I wrote back, "You misunderstand!"

The science of indexing is quite broad, given that it has a history in long-ago library science. What seems undeveloped in this case are the tools, but that's a misunderstanding of what indexing is. Indexing is an editorial field, not an automatic one. You might say it's a lot like writing, in that the writer must decide what their readers want to read, and then the writer must communicate those ideas in an organized and approachable way. Indexing is the same: analysis of text to discover what readers might find interesting, and then multiply labeling and organizing those ideas so people can find them.

Computers will never be able to write indexes because they can't (a) interpret importance of a concept, (b) understand concepts over simple words, and (c) connect ideas in contextually relevant ways. As much as I admire the Google.com search engine for what it can do, once again I will demonstrate what it can't do. Google finds 10,000,000 things when we really only want 3 (or 10 or 20). It finds what we type, but it doesn't find synonyms. And there's no guarantee that Google is searching everything that's out there, though it appears to come close; in book indexing, however, there's a human to make sure every page was considered.

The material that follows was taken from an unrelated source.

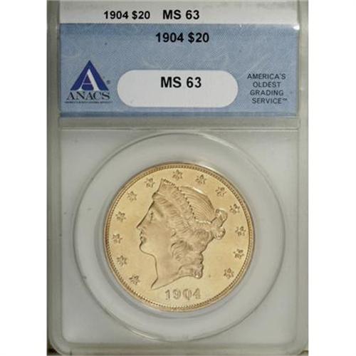 <B>1904 $20 MS63 NGC.</B></I> . NGC Census: (58342/33473). PCGS Population (45012/29065). Mintage: 6,256,797. Numismedia Wsl. Price for NGC/PCGS coin in MS63: $1,325. (#9045)<BR><BR><B>Coin Engraver:</B> James B. Longacre<BR><BR><b>Shipping:</b> Coins & Currency (<a target="_blank" href="http://www.heritageauctions.com/common/shipping.php">view shipping information</a>)

How often has Microsoft Word attempted to auto-correct you in a completely inaccurate way? Spell-check? Auto-format? Auto-complete? Half-intelligent humans don't make the kinds of mistakes that these tools do.

Here's what I wish he had written:

> I'm amazed that people who know full well that computers could never write newspaper articles still believe computers can write indexes.

Another problem, of course, is that indexes aren't respected in the industry. The reason Microsoft Word even has an automatic indexing feature is because the people who wrote that software have no idea of the damage such a tool provides. That Word's {XE} functionality is so miserable is even further proof. There's a nasty cycle: people use inferior tools, quality indexing grows less likely, and inferior tools become the standard.

Indexing is an editorial process, just like writing and editing. Indexing requires interpretation, not computation.

Computers will not and should not be used as indexers. If my job ever dies because computer programmers have found a way to make me obsolete, at least I know I'll be in the enlightening company of human writers and artists.